Это верно: сколько уже было покушений на Наполеона III, и всегда их устраивали итальянцы. Мадзинисты и бакунисты считали, что империя Франции воздвигалась, как редут, мешая освобождению Италии. Тремя бомбами они хотели открыть революцию в Париже, чтобы оттуда экспортировать ее в Рим… На боках кареты император насчитал 86 отметин от осколков.

– Вернемся в Тюильри? – спросил он жену.

Уланы выстрелами добивали искалеченных лошадей. На сиреневом атласе платья императрицы ярко горела кровь.

– Но ведь мы, кажется, хотели слушать Ристори…

Ристори была сегодня в ударе, и после «Марии Тюдор» исполнила акт «Немой из Портиччи». Она еще вела любовную арию, когда в руках полиции оказались все участники покушения. А среди них и славный революционер Феличио Орсини («Мой патриотизм, – писал он накануне графу Кавуру, – должен состоять не из слов, а из дела…»).

В тюрьме его посетил начальник полиции Пьетри:

– Вы совершили большую ошибку: Франция – единственная страна, готовая выступить на защиту Италии. Что, если бы ваше покушение увенчалось успехом? Италия навсегда бы осталась австрийской провинцией. Я прямо из Тюильри, и сейчас там шел пикантный разговор о вас… Наполеон и его нежная супруга просили меня о вашем помиловании.

– И как вы решили? – спросил Орсини.

– Я решил отрубить вам голову…

Орсини написал Наполеону III очень откровенное письмо, в котором заклинал его спасти Италию от австрийского рабства. Это письмо император вручил адвокату Жюлю Фавру, а тот зачитал его в открытом судебном заседании Парижа, потом это письмо опубликовали в газетах… Карбонарии шли на казнь с пением «Гимна жирондистов». В последний миг жизни, уже брошенный под нож гильотины, Орсини успел воскликнуть:

– Да здравствует Франция! Да здравствует Ита…

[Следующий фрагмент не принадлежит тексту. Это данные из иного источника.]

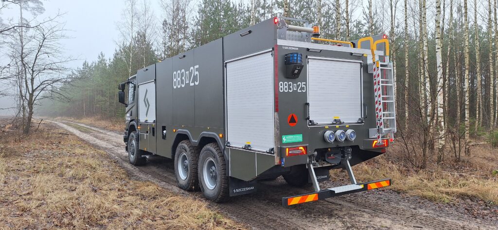 Samochód został zabudowany przez firmę Szczęśniak na trzyosiowym podwoziu Scania P450 6×6 XT.
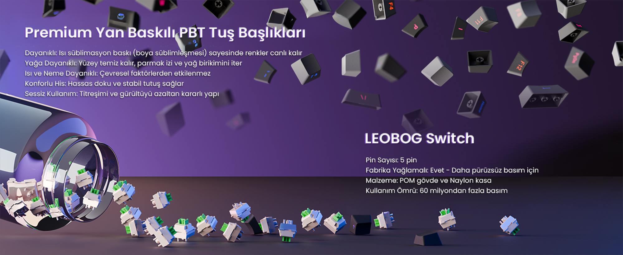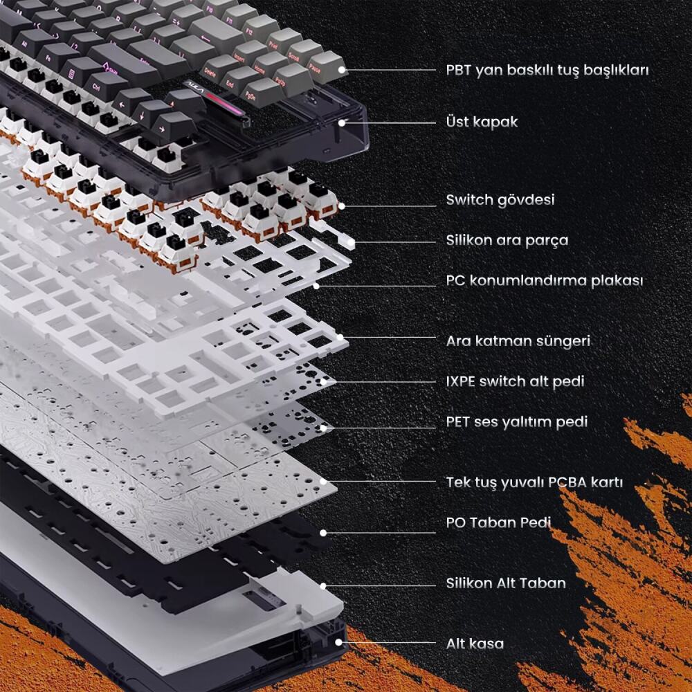 Şık ve modern tasarımı ile dikkat çeken, 87 tuşlu mekanik klavyelerdir. Gasket yapısı ve yumuşak tuş hissi, uzun süreli kullanımlarda bile konfor sağlar. Tuşlar ve mekanik switchler değiştirilebilir yapıda olup, kullanıcılar kendi tercihlerine göre keycap ve switchlerle kişiselleştirme yapabilirler.
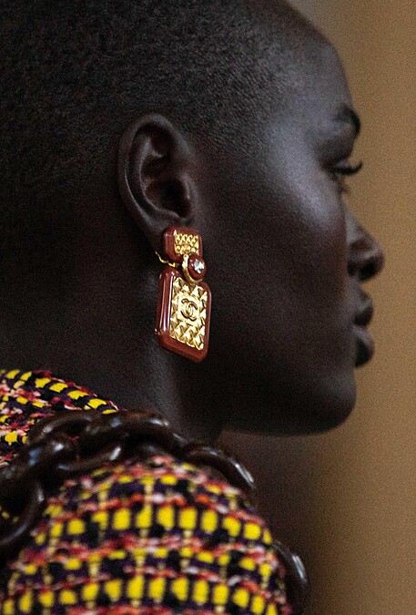 全系列由 CHANEL 巴黎創意工作室攜手 le19M 工坊總部內其中 11 間Maisons d'art 工坊合力完成,達卡常見的朱槿花化為精美的刺繡圖紋,為優雅的洋裝增添瀟灑的波西米亞氣息;非洲經典的馬賽克與珠串等藝術創作,也藉由 le19M 工坊資深工匠的巧手,運用木頭、寶石、彩色珠串等異材質,轉化成非洲民族風珠飾刺繡背心、圍裹裙等設計;看似簡單的丹寧面料喇叭褲,上頭亮片也經過多層印刷分層壓印,才能展現出細膩的工藝之美;經典的翻蓋包及 CHANEL 22 包款,或以輕盈的木頭打造出很具藝術氣息的背帶,或以繁複的橘棕色編織扭結和象徵達卡日落的橘紅色漸層漆皮菱格紋,呼應非洲大地自然、原始的生命力。
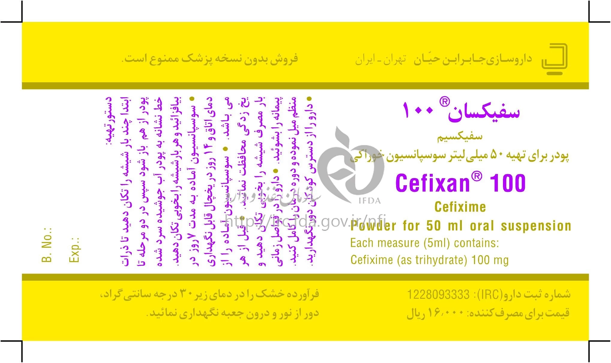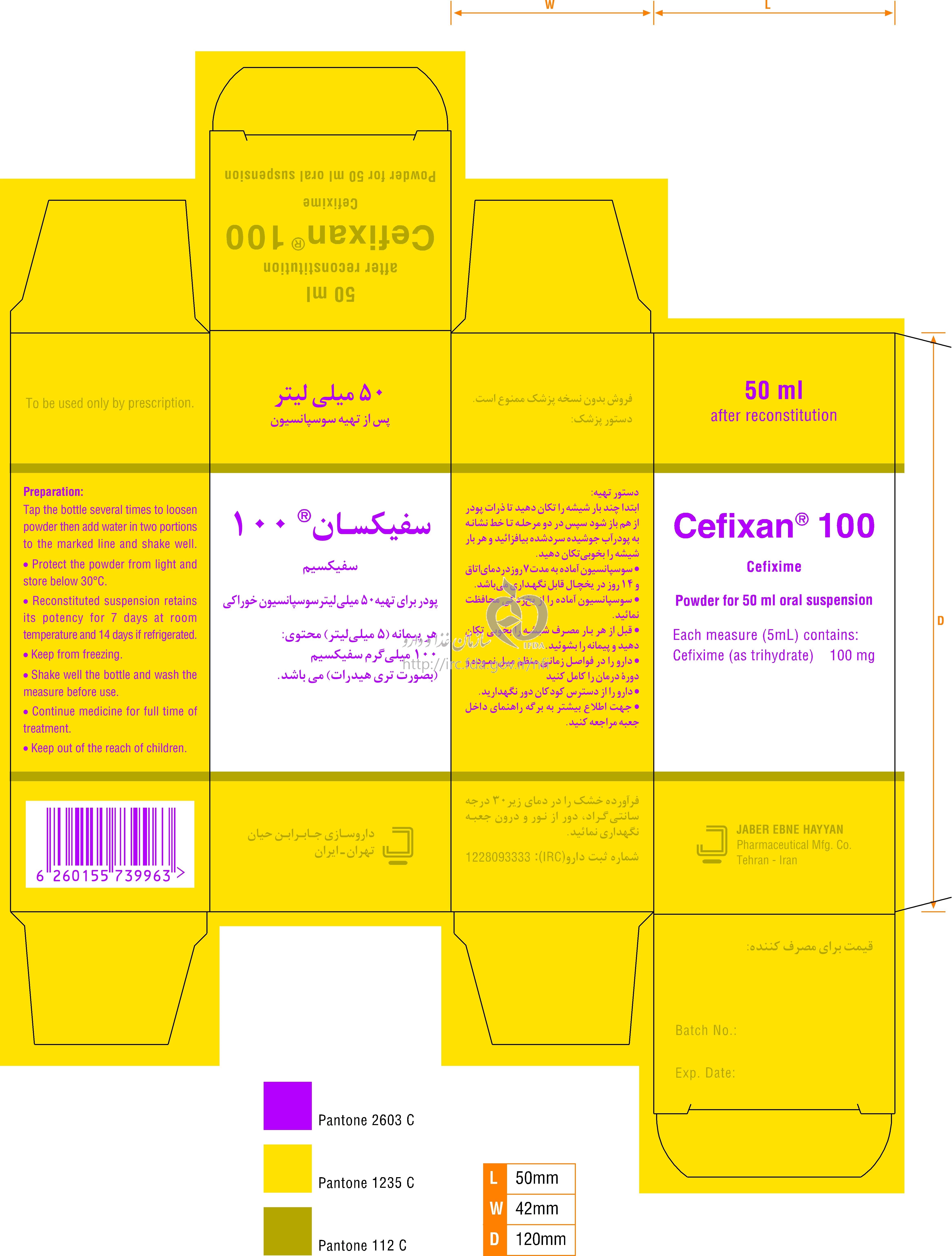 سفیکسان پودر برای تهیه سوسپانسیون خوراکی 100 mg/5 mL 50MILLILITER
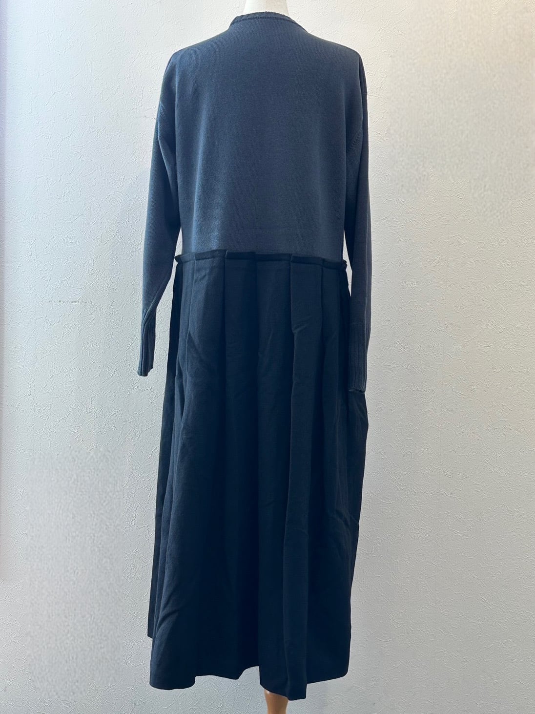 上身頃ががニット。スカート部分はウールコットンのツイル素材。右側にポケットが一つ。裏地なし。
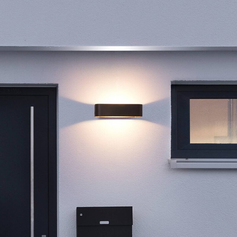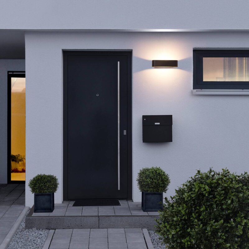 Vonkajšie nástenné svietidlo Cuboid LED HB 103 s nepriamym, vertikálnym vyžarovaním svetla Vonkajšie nástenné svietidlo HB 103 LED je ideálnou voľbou na nepriame osvetlenie pozdĺž fasády alebo vedľa vchodu v modernom prostredí. Svietidlo je vyrobené z tlakovo liateho hliníka s práškovým nástrekom v antracitovej metalickej farbe a má tvar širokého, spredu zaobleného kubusu, ktorý je otvorený v hornej a dolnej časti. LED diódy sú integrované za prednou časťou. Ich teplé biele svetlo vyžaruje na zadnú stranu a okolitú stenu, takže okolie je príjemne osvetlené bez oslnenia a na stene sa vytvára príťažlivý svetelný efekt. – Trieda ochrany: IP54 – Odolnosť proti nárazu: IK06 – s integrovaným ovládacím zariadením
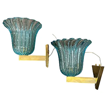 Coppia di applique in vetro di Murano blu, stile Barovier, anni '70
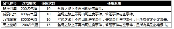 备战三级王朝,丝绸、锦囊等福利大放送! 万邦齐聚,共同备战三级王朝;丝绸、西域锦囊、招商令两天大敬献,同时活动每天的名气称号效果奖励(具有作用于丝绸之路的buff效果)可累积获享!向着珍宝,前进吧! 活动范 ...
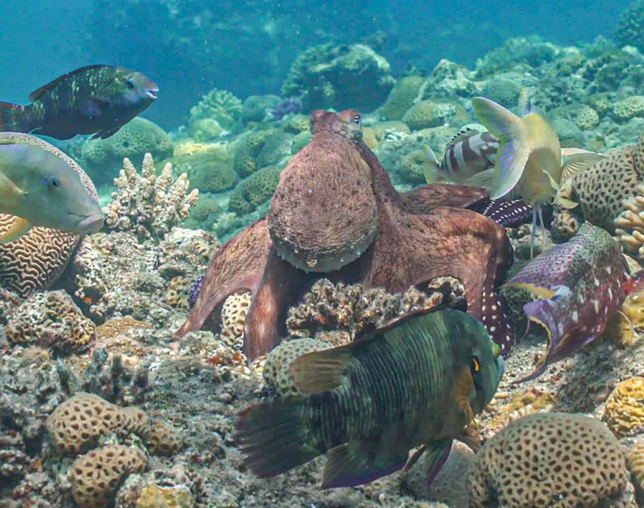 😲 Sin embargo, los pulpos de la especie Octopus cyanea han llevado este sistema a otro nivel más fascinante. Un reciente estudio ha revelado que estos pulpos lideran grupos de caza multiespecie, colaborando con varios tipos de peces. Este curioso equipo de cazadores trabaja en perfecta sinergia, con los peces explorando nuevas áreas y el pulpo decidiendo cuándo es el momento de atacar. «Los peces actúan como un sistema sensorial extendido para los pulpos, mejorando la detección de presas», explica Eduardo Sampaio, autor principal del estudio. Las especies participantes incluyen tres tipos de salmonetes (Parupeneus sp.), el mero de cola lunar (Variola louti) y el mero de puntas negras (Epinephelus fasciatus) 🐠
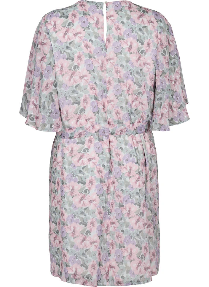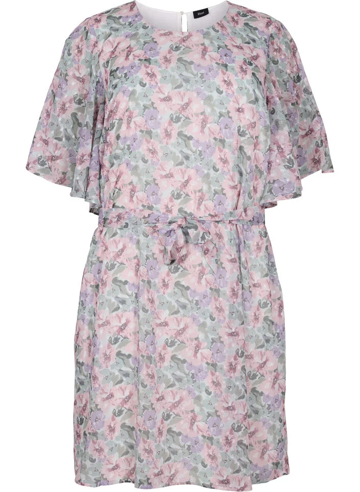 Feminine all-over floral dress with tie band at the waist, which emphasizes a feminine silhouette. It has a round neckline with button closure at the neck and short sleeves with width and slit. The dress has a soft viscose lining.
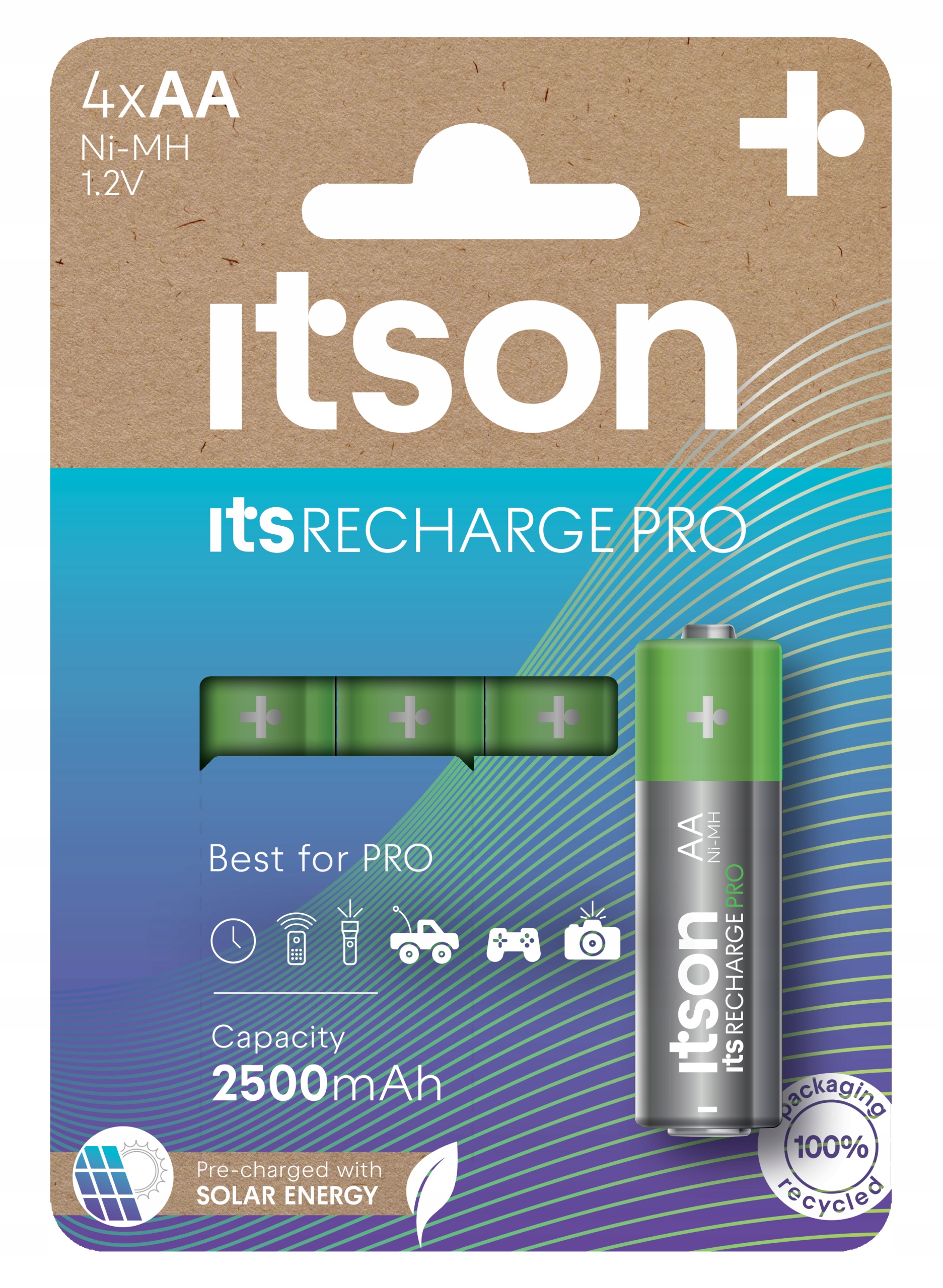 Никель-металлогидридные аккумуляторы itRECHARGE PRO поставляются в упаковке, на 95 % изготовленной из переработанных материалов, которые на 100 % подлежат вторичной переработке
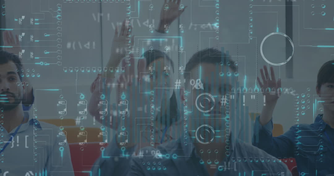 Captured in a business conference, diverse individuals actively engage, symbolizing international connections and data sharing. Useful for illustrating technological advancement in global business, networking potential, and audience interaction in seminars and conferences.
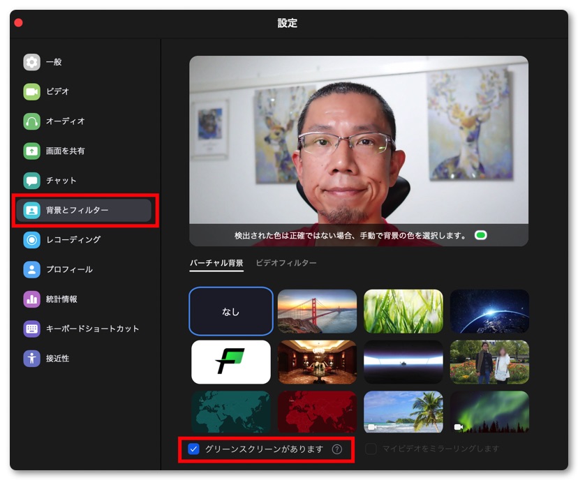 バーチャル背景を使わずそのまま部屋の風景を映したい場合は設定項目の背景とフィルターの中の下段にあるグリーンスクリーンがありますにチェックを入れるとそのまま映すことができます。ただし緑色の部分があるとそこが透過されてしまうのでその点にはご注意ください。
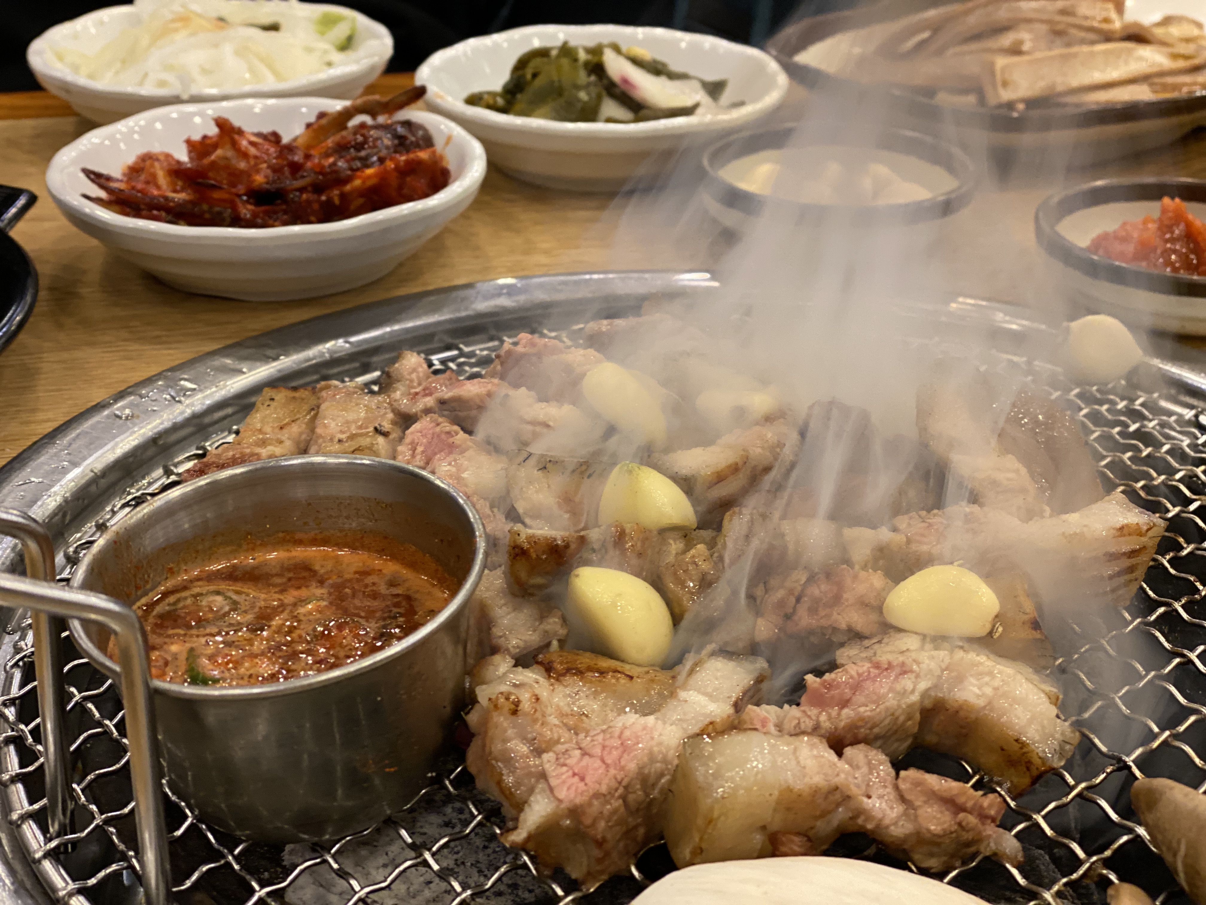 제주에 왔으니 흑돼지를 안먹을 수 없어서 유명한 늘봄흑돼지를 방문하였다. 예전에 제주도로 출장을 왔을때 방문했던적이 있었는데 아주 넓은 매장이 좋았고 무엇보다 지금 체력적으로 고기를 구워주는게 너무 좋아서 선택을 하게 되었다. 먼저 일이 있는 일행들은 가고 나를 포함해 3명에서 방문하였다. 이날 고기를 5인분과 밥등을 먹고 배가 터질뻔했다.
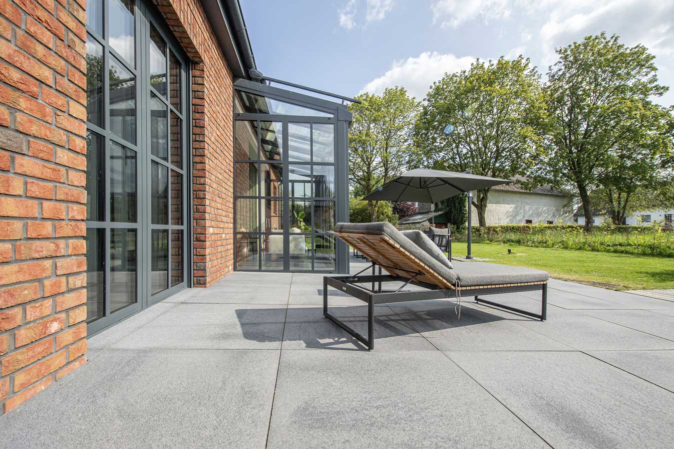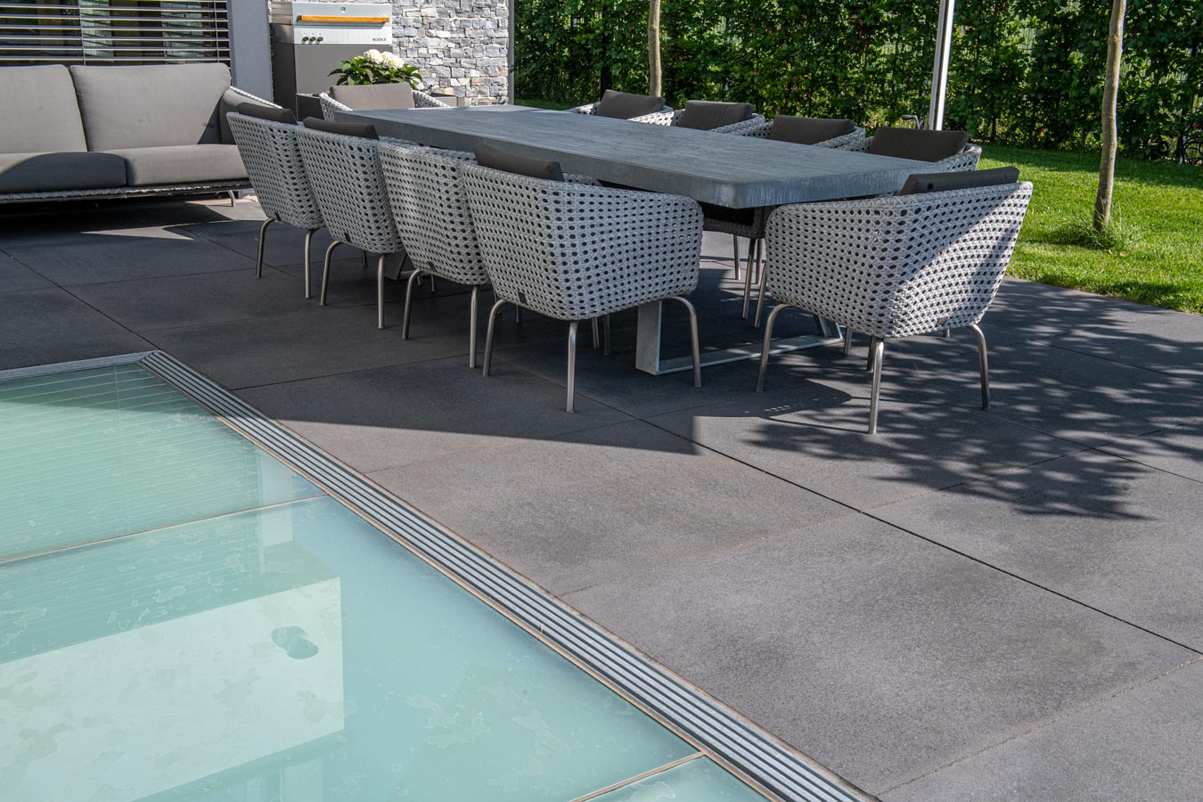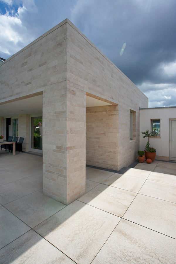 Umbriano è stata nominata per il famoso “Designpreis Deutschland 2012”. Umbriano è l'unione armoniosa tra natura e design. I bordi non fresati ricordano una pietra naturale non tagliata. La marezzatura naturale rende la superficie di ogni pietra e di ogni lastra un pezzo unico. La protezione Clean-Top® con CF 90 è ancora meglio della natura stessa.
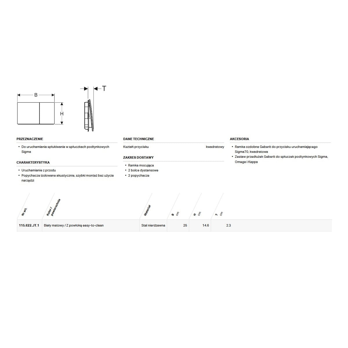 Uruchamianie z przodu. Popychacze izolowane akustycznie, szybki montaż bez użycia narzędzi. Do uruchamiania spłukiwania w spłuczkach podtynkowych Sigma

Евгения Монтихо собрала игрушки своего сына «принца Лулу» и переслала их в подарок детям обезглавленного Орсини. Наполеон III мыслил гораздо шире – одними игрушками от итальянцев не отделаешься. Киселеву он показывал свою треуголку, протыкая палец в одну из дырок на ее полях:

– Видите? Удивительно, как уцелела моя бедная голова. Я-то уж знаю, что с итальянцами шутки плохи.

Стоявшая подле красавица Кастильон добавила:

– Покушения на вашу жизнь будут продолжаться до тех пор, пока вы не двинете армию на освобождение Италии…

Горчаков вскоре докладывал Александру II:

– Сейчас император Франции попытается запрячь русского медведя в свою колесницу. Мы должны быть мудры и осторожны, чтобы оставить за собой свободу действий.

– Что за газета у вас в руках? – спросил царь.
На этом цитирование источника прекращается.